**Data provided:**
***

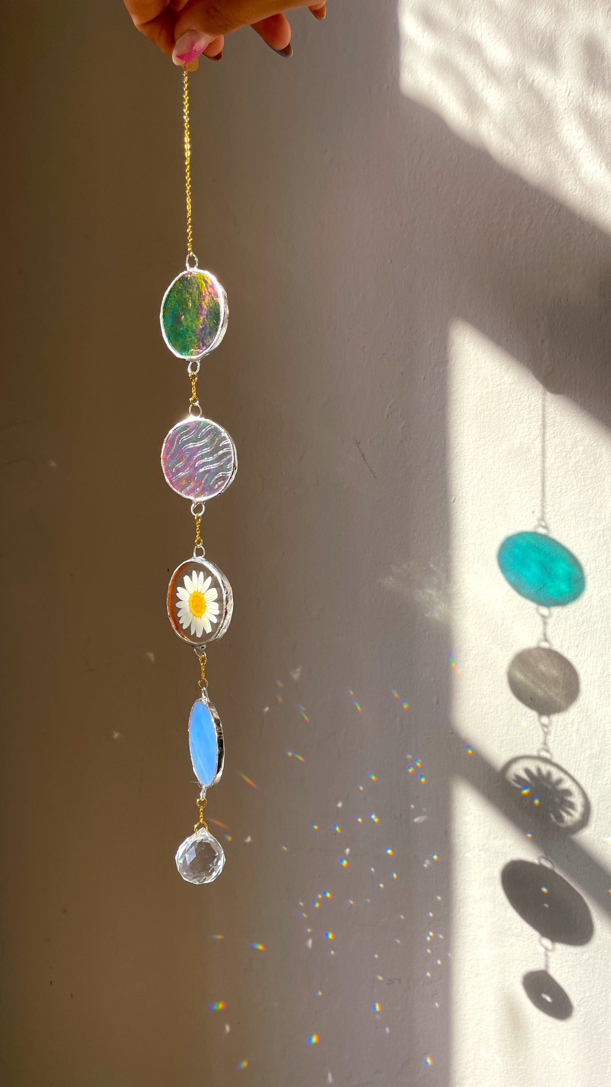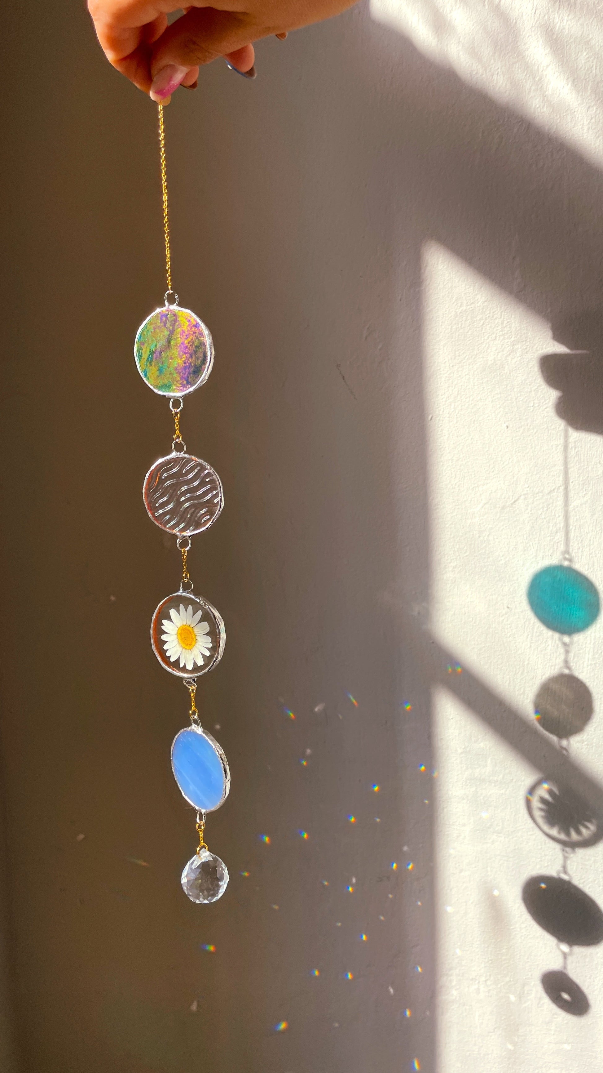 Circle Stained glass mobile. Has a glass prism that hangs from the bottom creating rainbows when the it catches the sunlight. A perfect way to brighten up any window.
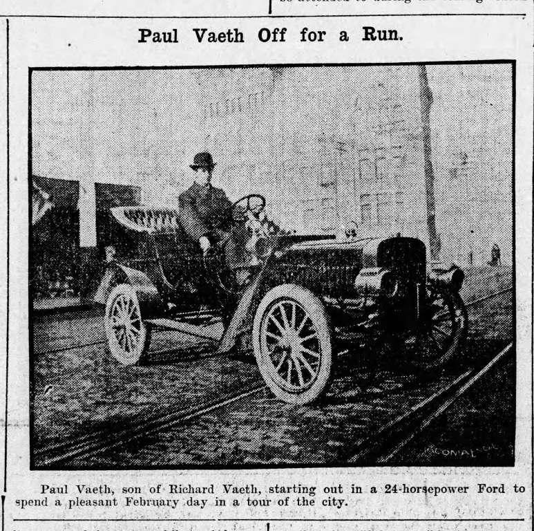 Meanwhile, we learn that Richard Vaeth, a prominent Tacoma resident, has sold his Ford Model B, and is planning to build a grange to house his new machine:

***

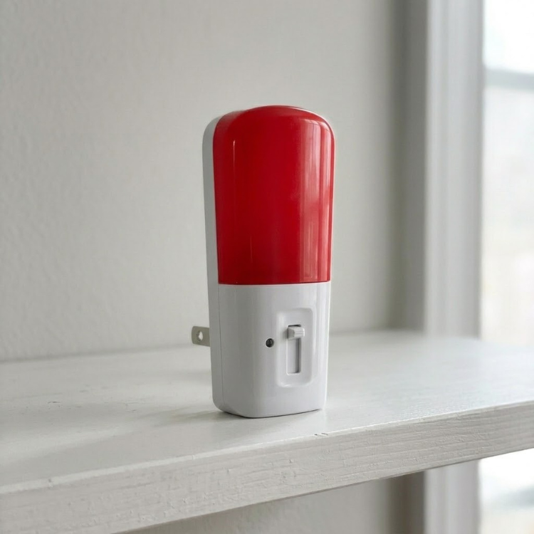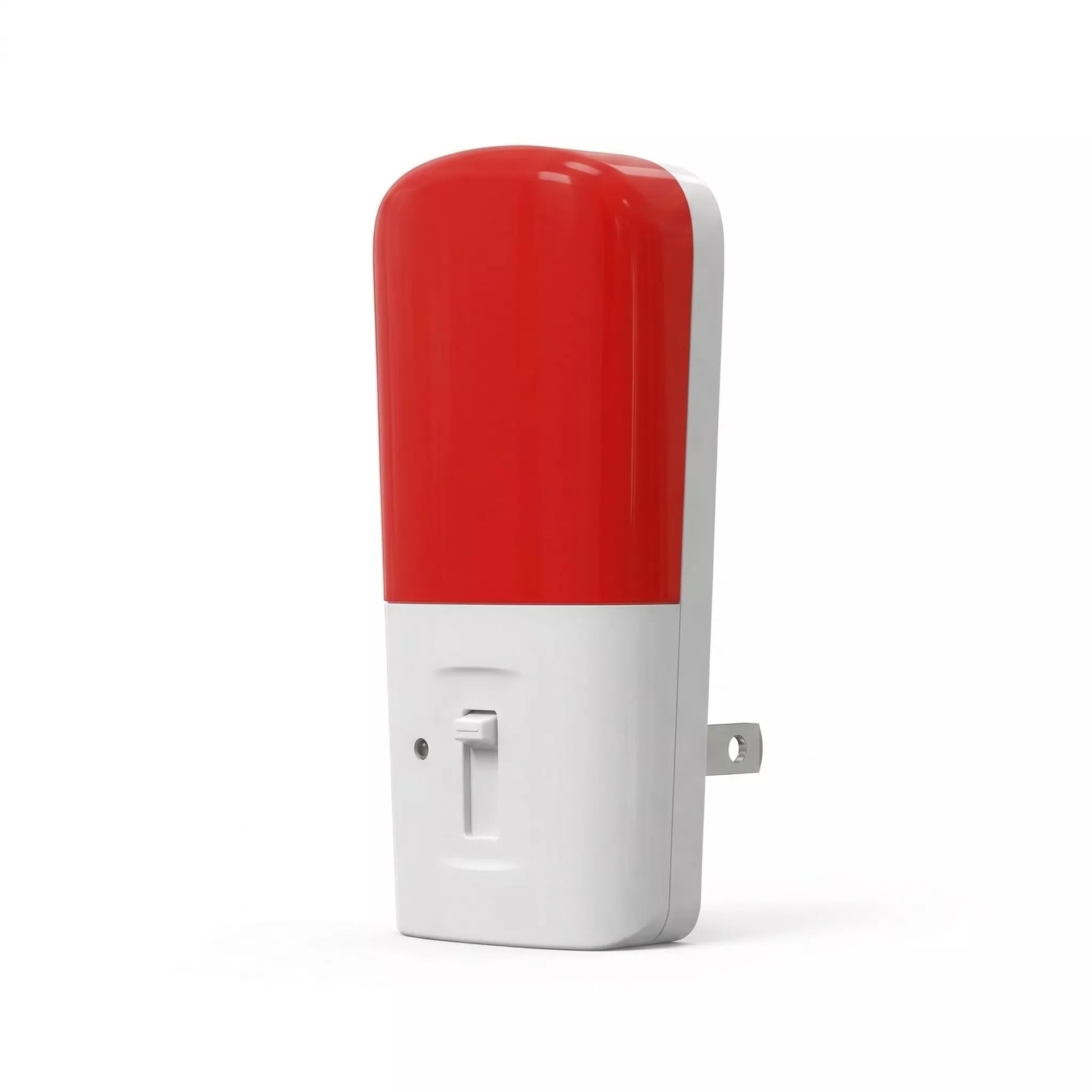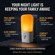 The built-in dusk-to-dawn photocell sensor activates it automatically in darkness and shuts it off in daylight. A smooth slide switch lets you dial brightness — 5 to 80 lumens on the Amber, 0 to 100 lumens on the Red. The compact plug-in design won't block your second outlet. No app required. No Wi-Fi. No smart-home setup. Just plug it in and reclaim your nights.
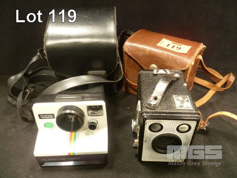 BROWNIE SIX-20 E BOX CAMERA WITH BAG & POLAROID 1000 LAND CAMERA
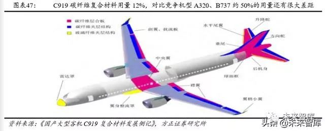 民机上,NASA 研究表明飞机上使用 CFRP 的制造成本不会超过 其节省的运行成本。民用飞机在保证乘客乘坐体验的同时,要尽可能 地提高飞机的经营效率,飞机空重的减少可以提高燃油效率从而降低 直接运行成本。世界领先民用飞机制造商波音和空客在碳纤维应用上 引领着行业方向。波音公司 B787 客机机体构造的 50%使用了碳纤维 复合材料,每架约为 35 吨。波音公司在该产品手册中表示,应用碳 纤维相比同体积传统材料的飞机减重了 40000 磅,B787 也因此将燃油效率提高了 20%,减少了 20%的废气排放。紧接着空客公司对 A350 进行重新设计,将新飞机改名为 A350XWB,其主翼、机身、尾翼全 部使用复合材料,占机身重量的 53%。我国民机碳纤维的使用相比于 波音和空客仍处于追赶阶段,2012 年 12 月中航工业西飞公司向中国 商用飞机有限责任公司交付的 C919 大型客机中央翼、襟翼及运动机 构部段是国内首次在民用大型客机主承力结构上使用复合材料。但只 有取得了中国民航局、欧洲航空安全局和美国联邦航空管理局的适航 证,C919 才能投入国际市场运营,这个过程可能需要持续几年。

***

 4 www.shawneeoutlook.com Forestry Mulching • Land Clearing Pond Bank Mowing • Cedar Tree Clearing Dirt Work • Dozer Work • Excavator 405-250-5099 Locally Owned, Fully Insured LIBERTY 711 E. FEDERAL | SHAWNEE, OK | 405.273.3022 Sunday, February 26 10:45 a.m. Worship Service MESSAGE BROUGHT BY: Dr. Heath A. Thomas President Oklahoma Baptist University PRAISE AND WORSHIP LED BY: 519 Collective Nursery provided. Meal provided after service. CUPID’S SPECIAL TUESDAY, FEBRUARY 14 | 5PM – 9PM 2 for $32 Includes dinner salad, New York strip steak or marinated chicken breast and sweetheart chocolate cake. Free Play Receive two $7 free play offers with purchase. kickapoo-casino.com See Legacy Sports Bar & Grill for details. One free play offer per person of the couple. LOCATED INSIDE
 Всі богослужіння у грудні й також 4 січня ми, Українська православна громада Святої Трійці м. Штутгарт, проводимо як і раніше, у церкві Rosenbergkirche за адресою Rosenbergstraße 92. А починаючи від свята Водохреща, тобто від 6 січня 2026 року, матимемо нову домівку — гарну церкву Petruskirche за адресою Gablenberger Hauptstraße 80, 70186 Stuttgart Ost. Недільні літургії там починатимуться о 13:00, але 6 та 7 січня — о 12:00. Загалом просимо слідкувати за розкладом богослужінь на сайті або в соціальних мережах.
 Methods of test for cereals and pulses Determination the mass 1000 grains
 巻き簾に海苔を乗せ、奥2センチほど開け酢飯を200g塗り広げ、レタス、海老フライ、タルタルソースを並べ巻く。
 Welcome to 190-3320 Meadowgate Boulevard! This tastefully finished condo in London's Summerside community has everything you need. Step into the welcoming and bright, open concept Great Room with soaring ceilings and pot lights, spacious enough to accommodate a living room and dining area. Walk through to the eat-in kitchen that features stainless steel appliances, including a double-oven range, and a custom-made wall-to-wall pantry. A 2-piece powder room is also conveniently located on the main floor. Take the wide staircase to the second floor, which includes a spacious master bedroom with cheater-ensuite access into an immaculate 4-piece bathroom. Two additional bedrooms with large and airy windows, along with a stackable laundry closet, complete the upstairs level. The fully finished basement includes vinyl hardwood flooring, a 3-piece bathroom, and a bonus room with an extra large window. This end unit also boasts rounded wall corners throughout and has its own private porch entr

***

**Task objective:**
What you return must match, character for character, the lines above from the one with "Circle Stained glass" through the one with "Meanwhile, we learn", minus any pictures.

**Task result:**
 Circle Stained glass mobile. Has a glass prism that hangs from the bottom creating rainbows when the it catches the sunlight. A perfect way to brighten up any window.
 Meanwhile, we learn that Richard Vaeth, a prominent Tacoma resident, has sold his Ford Model B, and is planning to build a grange to house his new machine:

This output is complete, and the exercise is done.